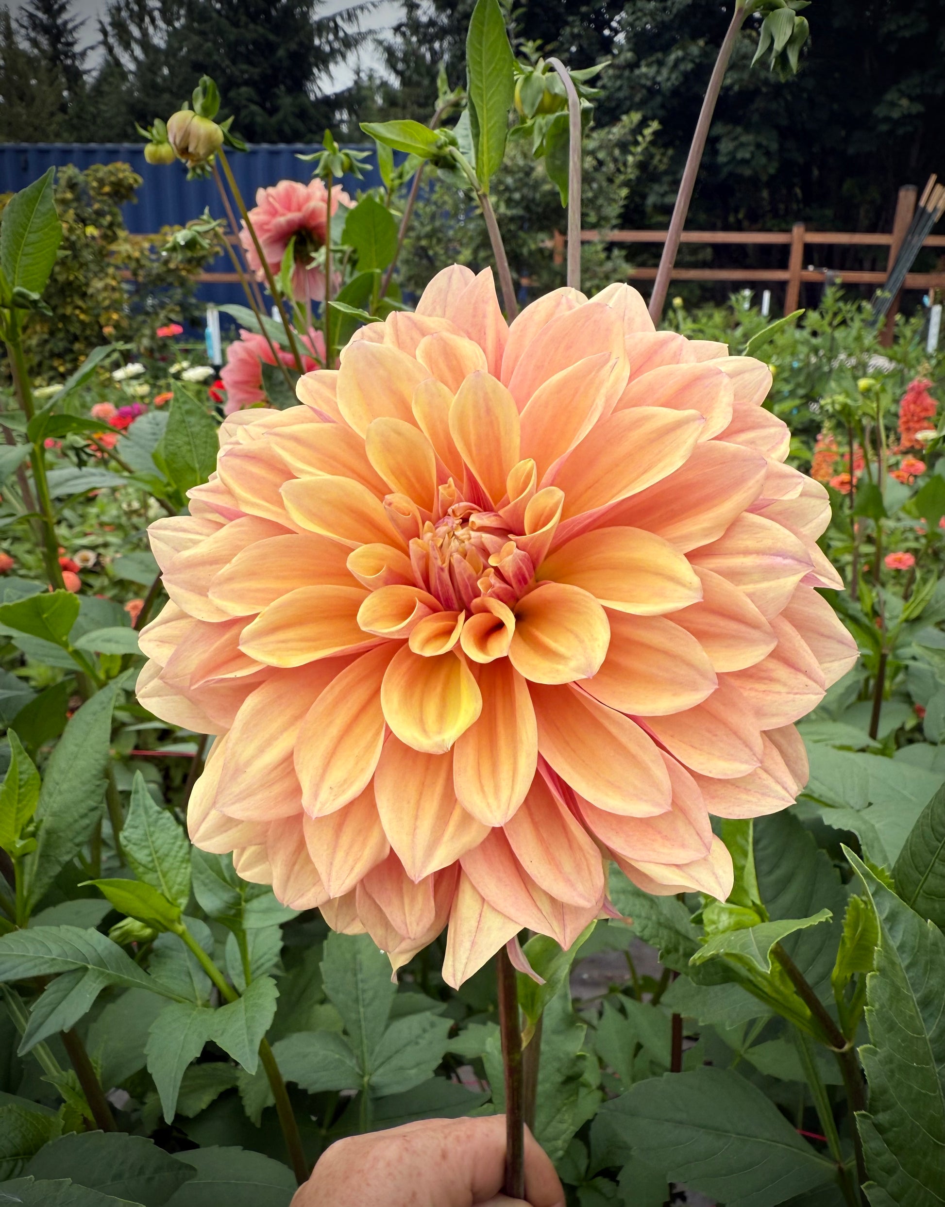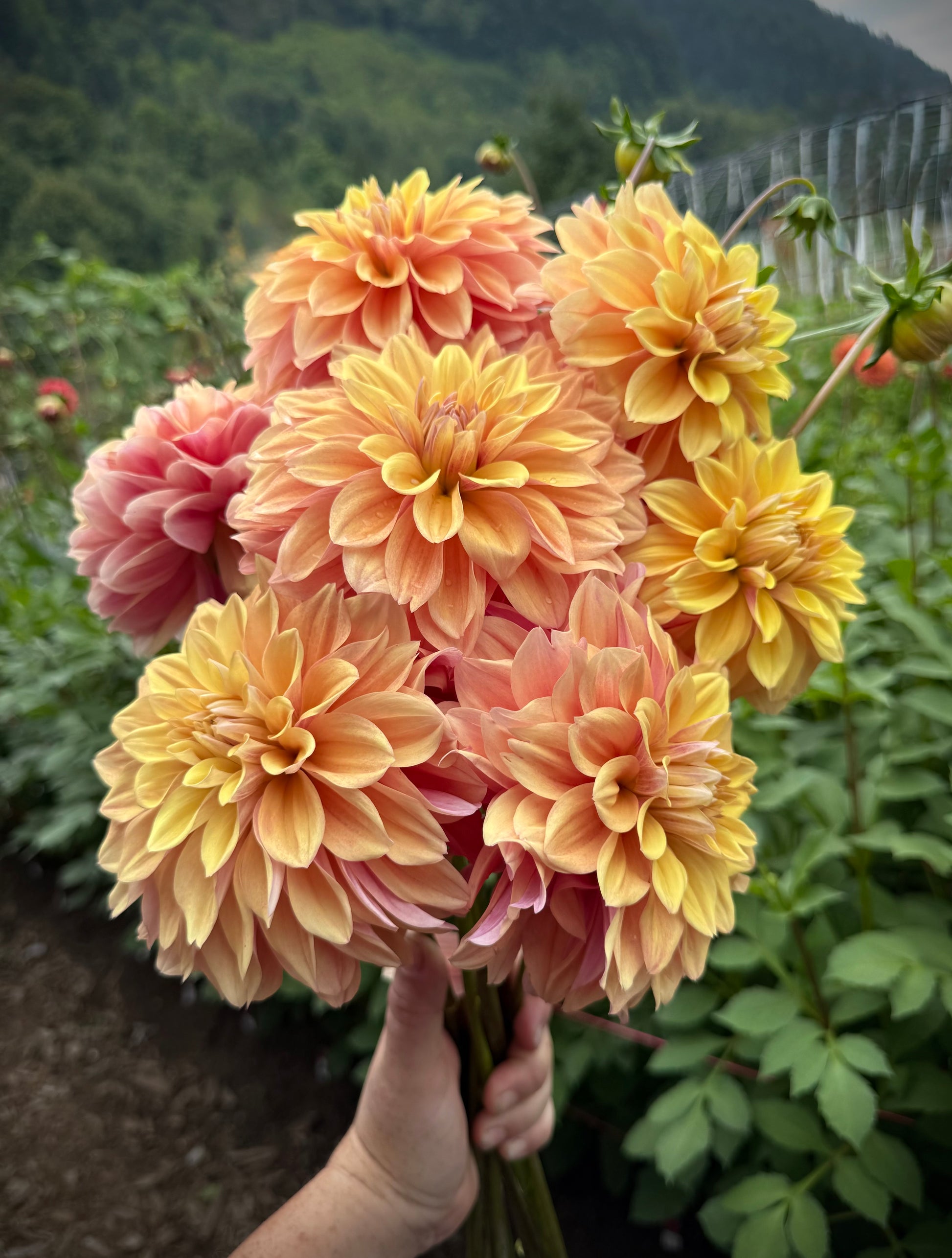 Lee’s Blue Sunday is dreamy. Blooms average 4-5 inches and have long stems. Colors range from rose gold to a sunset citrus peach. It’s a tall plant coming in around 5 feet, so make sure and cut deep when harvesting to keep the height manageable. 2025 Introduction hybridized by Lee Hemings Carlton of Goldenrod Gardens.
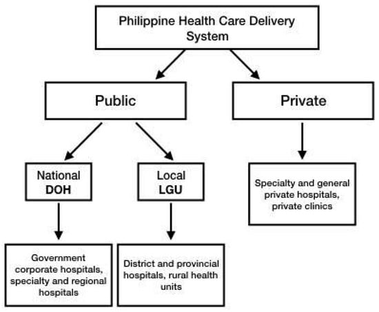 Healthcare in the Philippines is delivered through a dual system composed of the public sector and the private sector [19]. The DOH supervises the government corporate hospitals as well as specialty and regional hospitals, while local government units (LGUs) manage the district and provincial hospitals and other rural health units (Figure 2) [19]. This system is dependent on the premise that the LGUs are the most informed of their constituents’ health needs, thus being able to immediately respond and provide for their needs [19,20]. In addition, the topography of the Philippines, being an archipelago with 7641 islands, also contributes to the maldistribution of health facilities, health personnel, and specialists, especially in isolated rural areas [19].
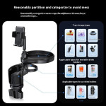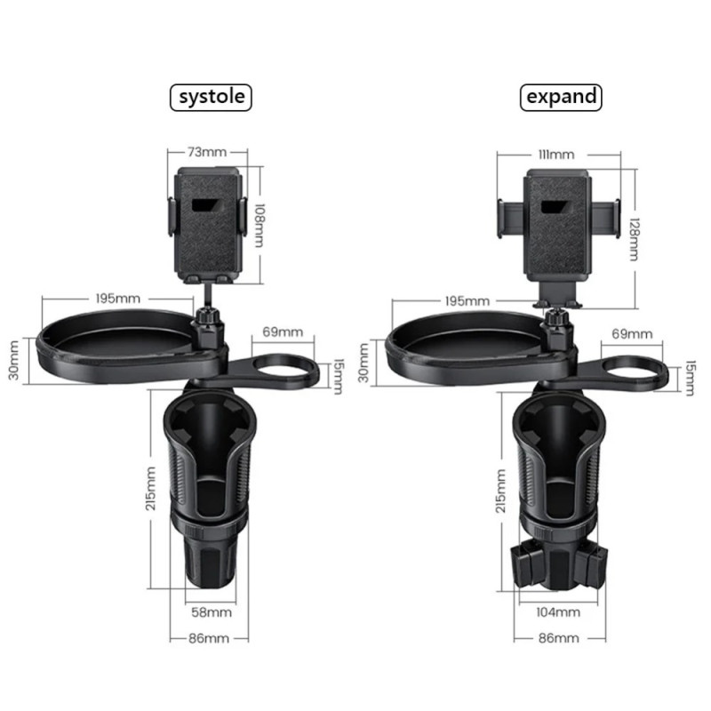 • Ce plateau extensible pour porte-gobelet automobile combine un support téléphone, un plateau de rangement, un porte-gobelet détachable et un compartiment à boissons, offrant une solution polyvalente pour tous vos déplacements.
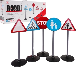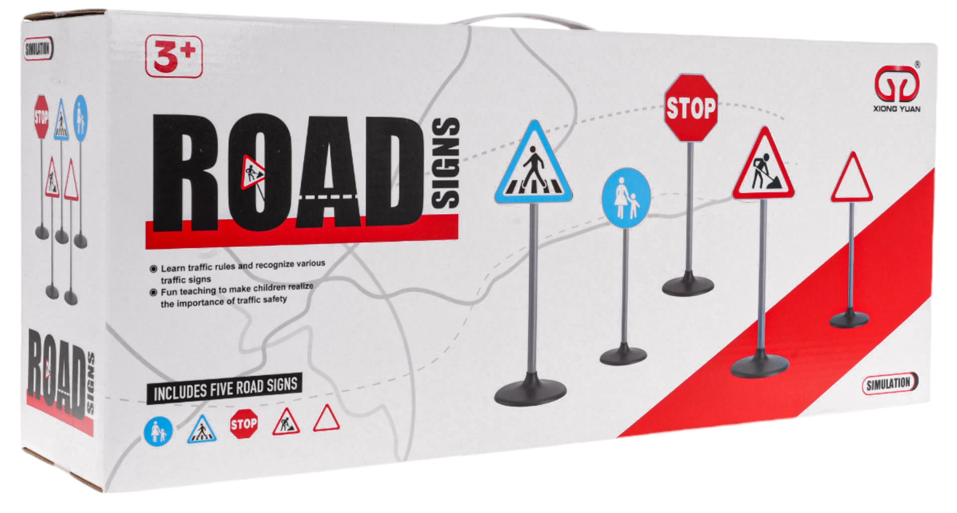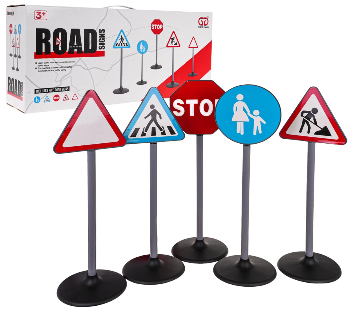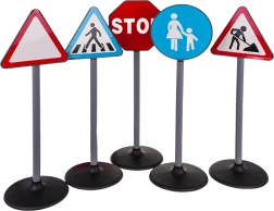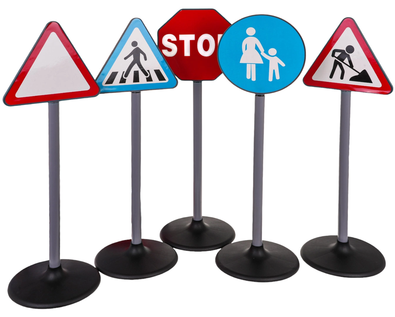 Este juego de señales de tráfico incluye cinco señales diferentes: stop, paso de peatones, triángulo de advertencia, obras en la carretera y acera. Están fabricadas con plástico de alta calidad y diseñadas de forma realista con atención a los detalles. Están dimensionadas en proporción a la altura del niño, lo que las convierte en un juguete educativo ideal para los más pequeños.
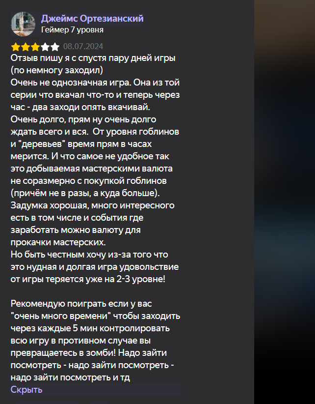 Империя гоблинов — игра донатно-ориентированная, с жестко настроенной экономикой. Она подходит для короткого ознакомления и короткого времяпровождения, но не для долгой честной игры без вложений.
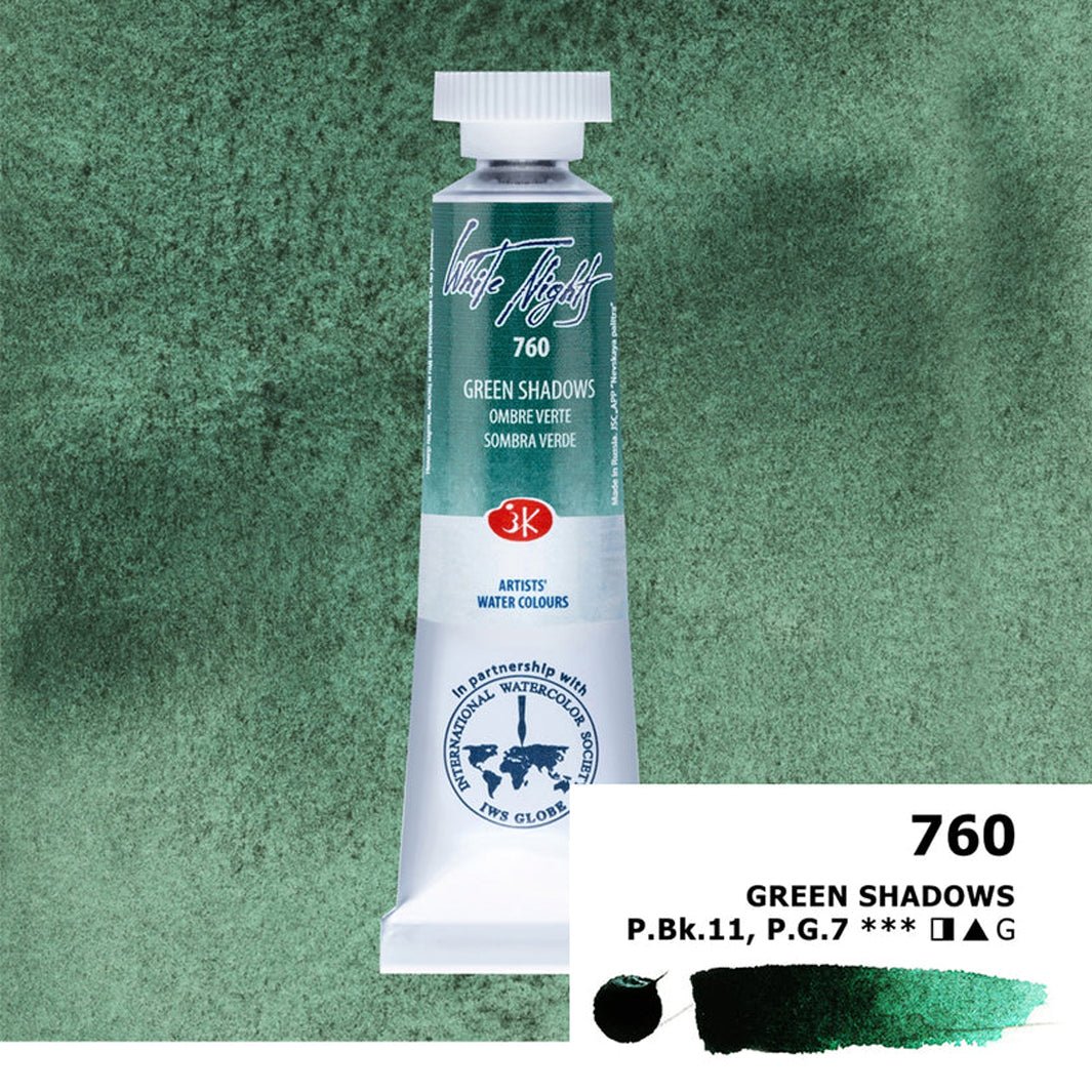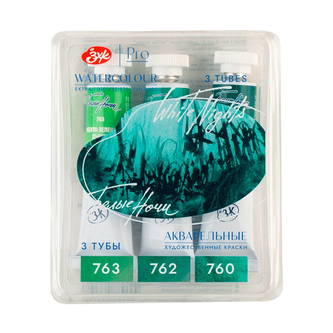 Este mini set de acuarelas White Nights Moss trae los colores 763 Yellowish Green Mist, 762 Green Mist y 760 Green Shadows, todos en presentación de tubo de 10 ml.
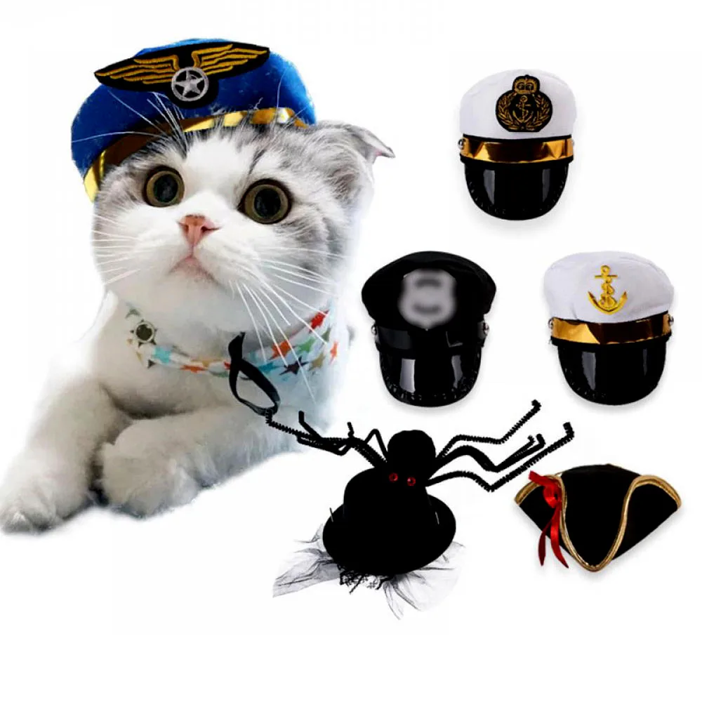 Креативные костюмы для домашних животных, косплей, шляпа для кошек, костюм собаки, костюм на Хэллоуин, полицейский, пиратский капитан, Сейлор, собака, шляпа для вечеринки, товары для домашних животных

__Goal of the exercise__.
Starting at the line containing "Империя гоблинов —" and finishing at the line containing "Este mini set", return those lines exactly as they appear above, without the pictures.

__Result__.
 Империя гоблинов — игра донатно-ориентированная, с жестко настроенной экономикой. Она подходит для короткого ознакомления и короткого времяпровождения, но не для долгой честной игры без вложений.
 Este mini set de acuarelas White Nights Moss trae los colores 763 Yellowish Green Mist, 762 Green Mist y 760 Green Shadows, todos en presentación de tubo de 10 ml.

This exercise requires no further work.